Data entries:
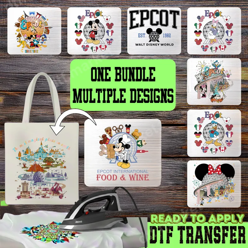 See allThis exciting bundle features a collection of Epcot-themed DTF transfers, bringing the magic of Walt Disney World's iconic park right to your apparel. You'll find beloved characters like Mickey, Minnie, Donald, and Daisy celebrating the World Showcase and classic Epcot motifs, including the famous Spaceship Earth. Each vibrant design is a ready to press direct to film transfer, meticulously crafted to ensure professional results on any garment. Perfect for Disney enthusiasts, Epcot visitors, and anyone who loves unique pop culture apparel, this heat press transfer bundle is ideal for family vacations, Disney-themed parties, or simply adding a touch of magic to your everyday wardrobe. Create custom t-shirts for your next trip, design personalized tote bags, or make thoughtful gifts for fellow Disney fans. These iron on decals are a fantastic way to celebrate your love for Epcot's global charm and culinary delights, especially designs featuring the International Food & Wine Festival. Applying these high-quality heat transfers is incredibly simple. They work flawlessly on a wide range of materials, including 100% cotton, polyester, and various blends. For best results, use a heat press at 300-325°F for 15 seconds with medium pressure, followed by a warm peel. If a heat press isn't available, a household iron can also be used with careful application. Enjoy the convenience of a ready to press transfer with absolutely no weeding required, saving you time and effort. Each design in this Epcot bundle offers exceptional quality, boasting vibrant colors, crisp details, and a soft-hand feel that integrates beautifully with the fabric. Our premium DTF film ensures your t-shirt transfer is incredibly durable, crack-resistant, and washable, maintaining its integrity and bright appearance even after multiple washes. Experience professional-grade apparel transfers that stand the test of time, bringing joy and a touch of Disney wonder to every wear.
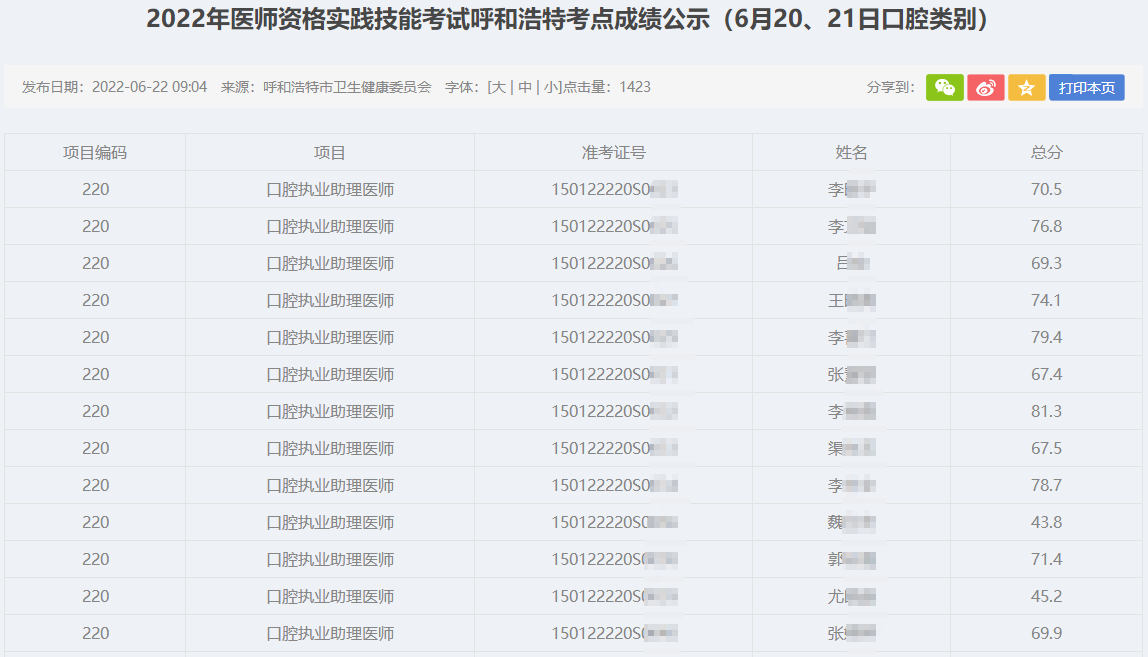 2022年醫(yī)師資格實踐技能考試呼和浩特考點成績公示(6月20、21日口腔類別)
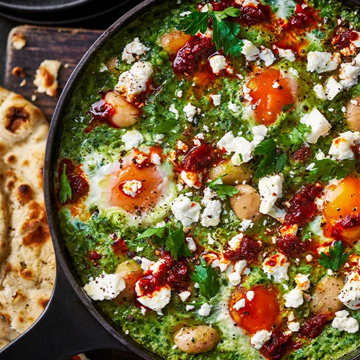 Herby, fresh, and full of flavour, this zingy green shakshuka features soft, creamy Collection Spanish White Beans, a medley of vibrant green vegetables, crumbled feta, and a drizzle of fiery rose harissa. Ready in just 15 minutes, it’s a fuss-free meal packed with colour and taste.
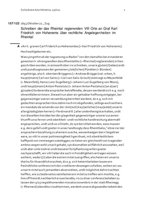 Schreiben der das Rheintal regierenden Acht Orte an Graf Karl Friedrich von Hohenems über rechtliche Angelegenheiten im Rheintal
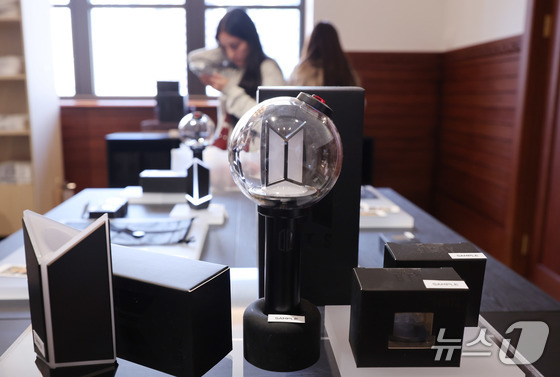 20일 서울 중구 신세계백화점 본점 헤리티지 뮤지엄에 마련된 ‘BTS POP-UP : ARIRANG’에 아미밤 4세대가 진열돼 있다. 2026.3.20 © 뉴스1 박지혜 기자
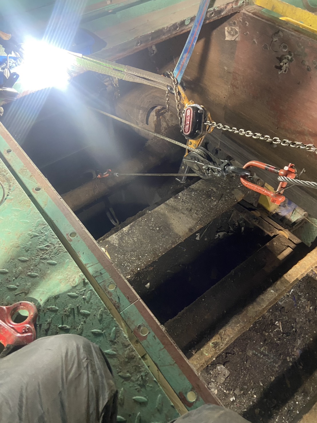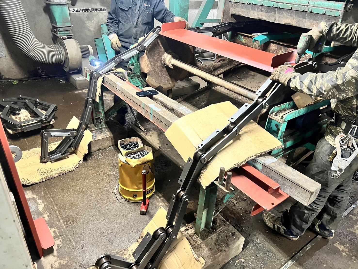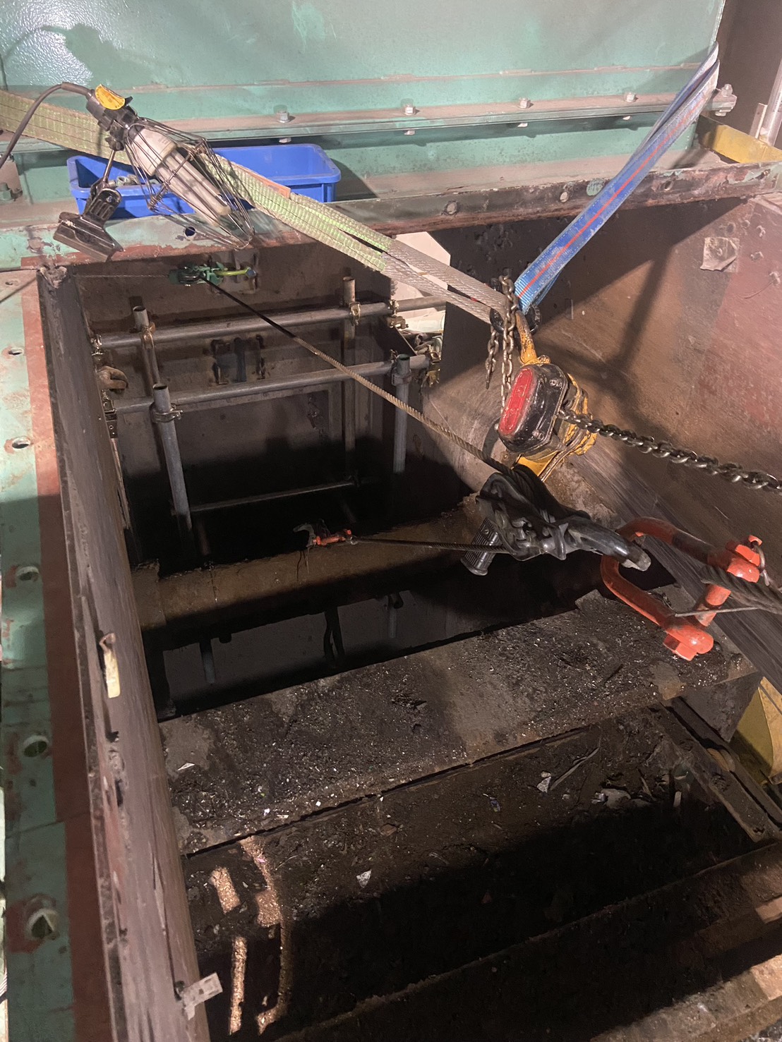 某ゴミ処理場にてチェーンコンベア更新工事を実施しました。既設設備の解体・撤去後、新規コンベアの据付を行いました。狭所かつ重量物作業のため、安全管理を徹底して施工。溶断・調整を行いながら精度の高い組立を実現しました。搬送機能の安定化と設備の長寿命化に貢献しています。
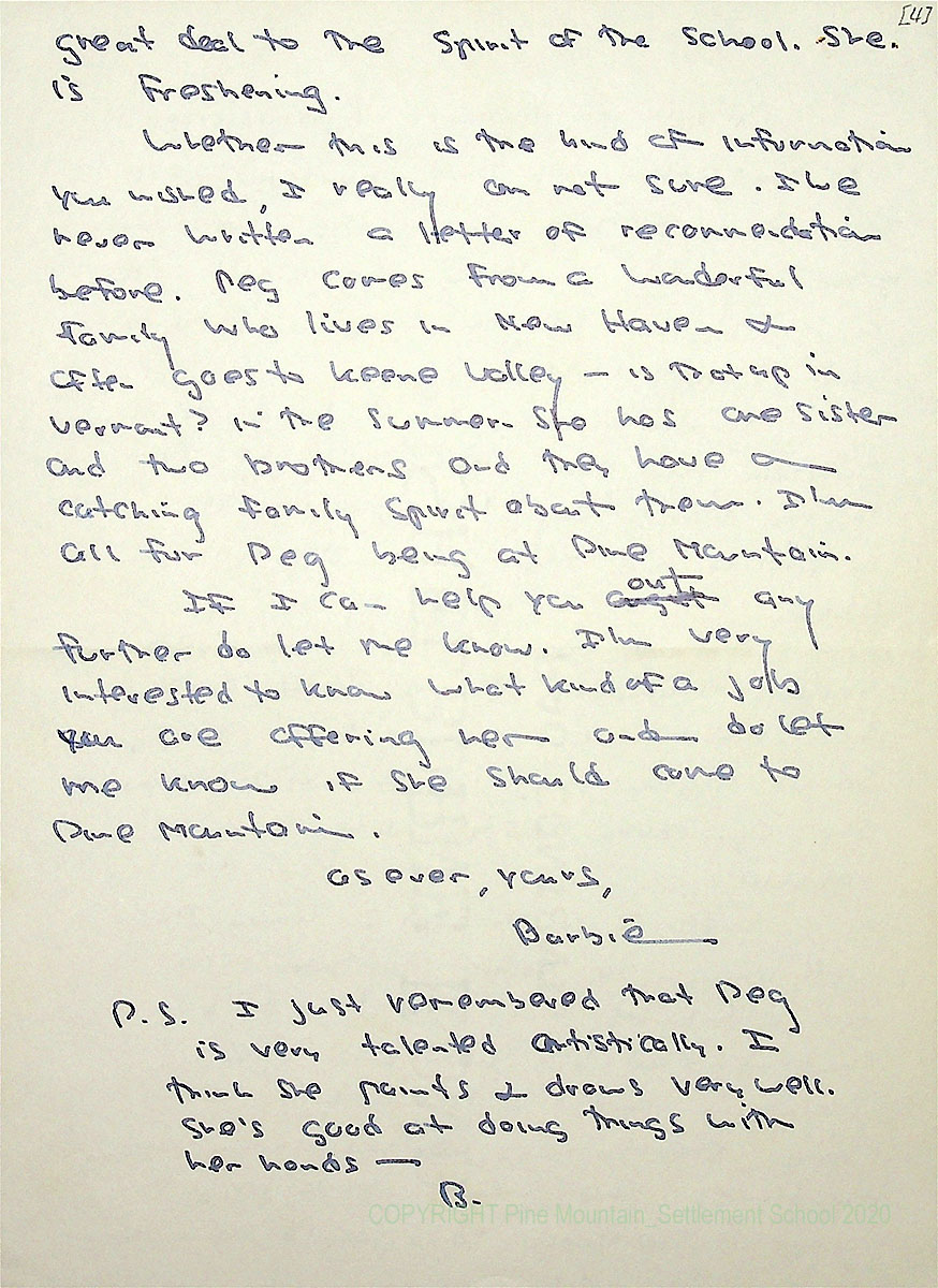 00015 (8) Handwritten two-page letter from “Barbie” to [IMAGE OF PAGE 1 IS MISSING]. Page 2. Letter of recommendation for “Peg” who “comes from a wonderful family who lives in New Haven and often goes to Keene Valley…in the summer. She has one sister and two brothers and they have a catching family spirit about them. I’m all for Peg being at Pine Mountain….Peg is very talented artistically.”
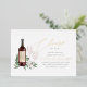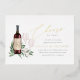Vous organisez une soirée sur le thème du vin ou une soirée de dégustation de vin, ou vous organisez un grand événement dans une cave ou un vignoble ? Invitation vos invités avec nos élégantes invitations à des soirées de dégustation de vin, avec une bouteille de vin rouge bordeaux et deux verres à vin et orné de feuilles d'eucalyptus vert aquarelle et feuillage. "Cheers to Love" apparaît dans le script de calligraphie de feuille d'or chic en lettres. Pour une touche finale, personnalisez le étiquette de bouteille de vin avec les initiales du couple. Idéal pour des fêtes fiançailles dans le vignoble, la cave ou le vignoble.
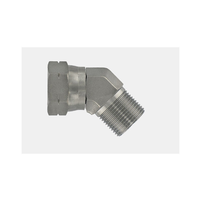 Cot 45° BSP FI–FE cu piuliță orientabilă din oțel , cu con de 60°. Recomandat pentru realizarea conexiunilor hidraulice la un unghi de 45°, oferind fiabilitate și durabilitate în exploatare.
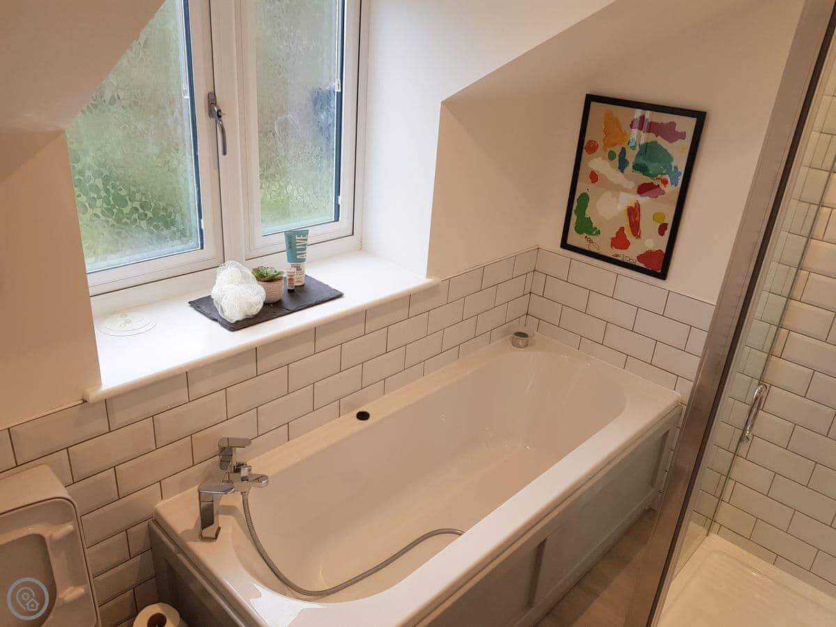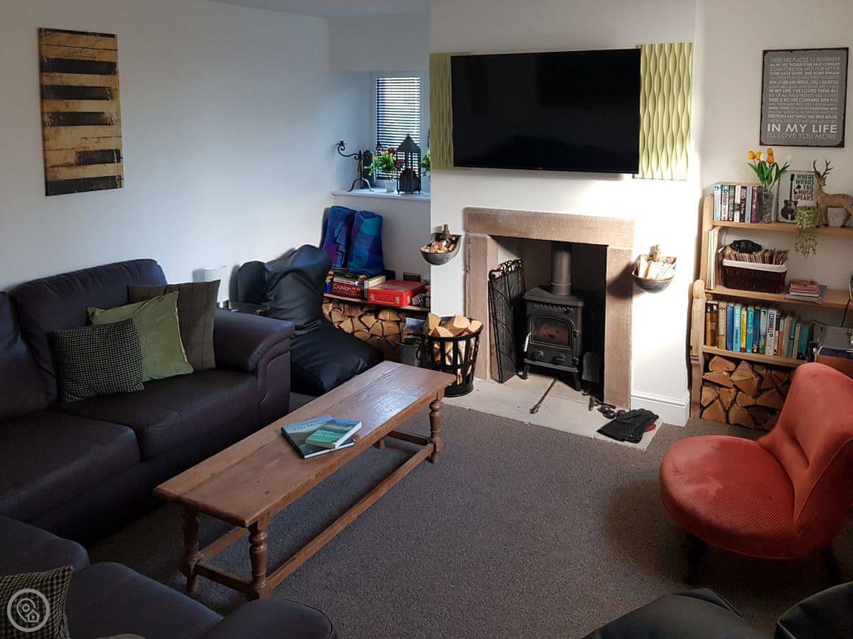In terms of what's here: there's a wood burner, a dishwasher, a washing machine, WiFi, and parking for two cars. Bedding and towels are included. You can bring up to two dogs.

> _What is expected_
Return all records exactly; no pictures.

> _Answer to this task_
 See allThis exciting bundle features a collection of Epcot-themed DTF transfers, bringing the magic of Walt Disney World's iconic park right to your apparel. You'll find beloved characters like Mickey, Minnie, Donald, and Daisy celebrating the World Showcase and classic Epcot motifs, including the famous Spaceship Earth. Each vibrant design is a ready to press direct to film transfer, meticulously crafted to ensure professional results on any garment. Perfect for Disney enthusiasts, Epcot visitors, and anyone who loves unique pop culture apparel, this heat press transfer bundle is ideal for family vacations, Disney-themed parties, or simply adding a touch of magic to your everyday wardrobe. Create custom t-shirts for your next trip, design personalized tote bags, or make thoughtful gifts for fellow Disney fans. These iron on decals are a fantastic way to celebrate your love for Epcot's global charm and culinary delights, especially designs featuring the International Food & Wine Festival. Applying these high-quality heat transfers is incredibly simple. They work flawlessly on a wide range of materials, including 100% cotton, polyester, and various blends. For best results, use a heat press at 300-325°F for 15 seconds with medium pressure, followed by a warm peel. If a heat press isn't available, a household iron can also be used with careful application. Enjoy the convenience of a ready to press transfer with absolutely no weeding required, saving you time and effort. Each design in this Epcot bundle offers exceptional quality, boasting vibrant colors, crisp details, and a soft-hand feel that integrates beautifully with the fabric. Our premium DTF film ensures your t-shirt transfer is incredibly durable, crack-resistant, and washable, maintaining its integrity and bright appearance even after multiple washes. Experience professional-grade apparel transfers that stand the test of time, bringing joy and a touch of Disney wonder to every wear.
 2022年醫(yī)師資格實踐技能考試呼和浩特考點成績公示(6月20、21日口腔類別)
 Herby, fresh, and full of flavour, this zingy green shakshuka features soft, creamy Collection Spanish White Beans, a medley of vibrant green vegetables, crumbled feta, and a drizzle of fiery rose harissa. Ready in just 15 minutes, it’s a fuss-free meal packed with colour and taste.
 Schreiben der das Rheintal regierenden Acht Orte an Graf Karl Friedrich von Hohenems über rechtliche Angelegenheiten im Rheintal
 20일 서울 중구 신세계백화점 본점 헤리티지 뮤지엄에 마련된 ‘BTS POP-UP : ARIRANG’에 아미밤 4세대가 진열돼 있다. 2026.3.20 © 뉴스1 박지혜 기자
 某ゴミ処理場にてチェーンコンベア更新工事を実施しました。既設設備の解体・撤去後、新規コンベアの据付を行いました。狭所かつ重量物作業のため、安全管理を徹底して施工。溶断・調整を行いながら精度の高い組立を実現しました。搬送機能の安定化と設備の長寿命化に貢献しています。
 00015 (8) Handwritten two-page letter from “Barbie” to [IMAGE OF PAGE 1 IS MISSING]. Page 2. Letter of recommendation for “Peg” who “comes from a wonderful family who lives in New Haven and often goes to Keene Valley…in the summer. She has one sister and two brothers and they have a catching family spirit about them. I’m all for Peg being at Pine Mountain….Peg is very talented artistically.”
Vous organisez une soirée sur le thème du vin ou une soirée de dégustation de vin, ou vous organisez un grand événement dans une cave ou un vignoble ? Invitation vos invités avec nos élégantes invitations à des soirées de dégustation de vin, avec une bouteille de vin rouge bordeaux et deux verres à vin et orné de feuilles d'eucalyptus vert aquarelle et feuillage. "Cheers to Love" apparaît dans le script de calligraphie de feuille d'or chic en lettres. Pour une touche finale, personnalisez le étiquette de bouteille de vin avec les initiales du couple. Idéal pour des fêtes fiançailles dans le vignoble, la cave ou le vignoble.
 Cot 45° BSP FI–FE cu piuliță orientabilă din oțel , cu con de 60°. Recomandat pentru realizarea conexiunilor hidraulice la un unghi de 45°, oferind fiabilitate și durabilitate în exploatare.
In terms of what's here: there's a wood burner, a dishwasher, a washing machine, WiFi, and parking for two cars. Bedding and towels are included. You can bring up to two dogs.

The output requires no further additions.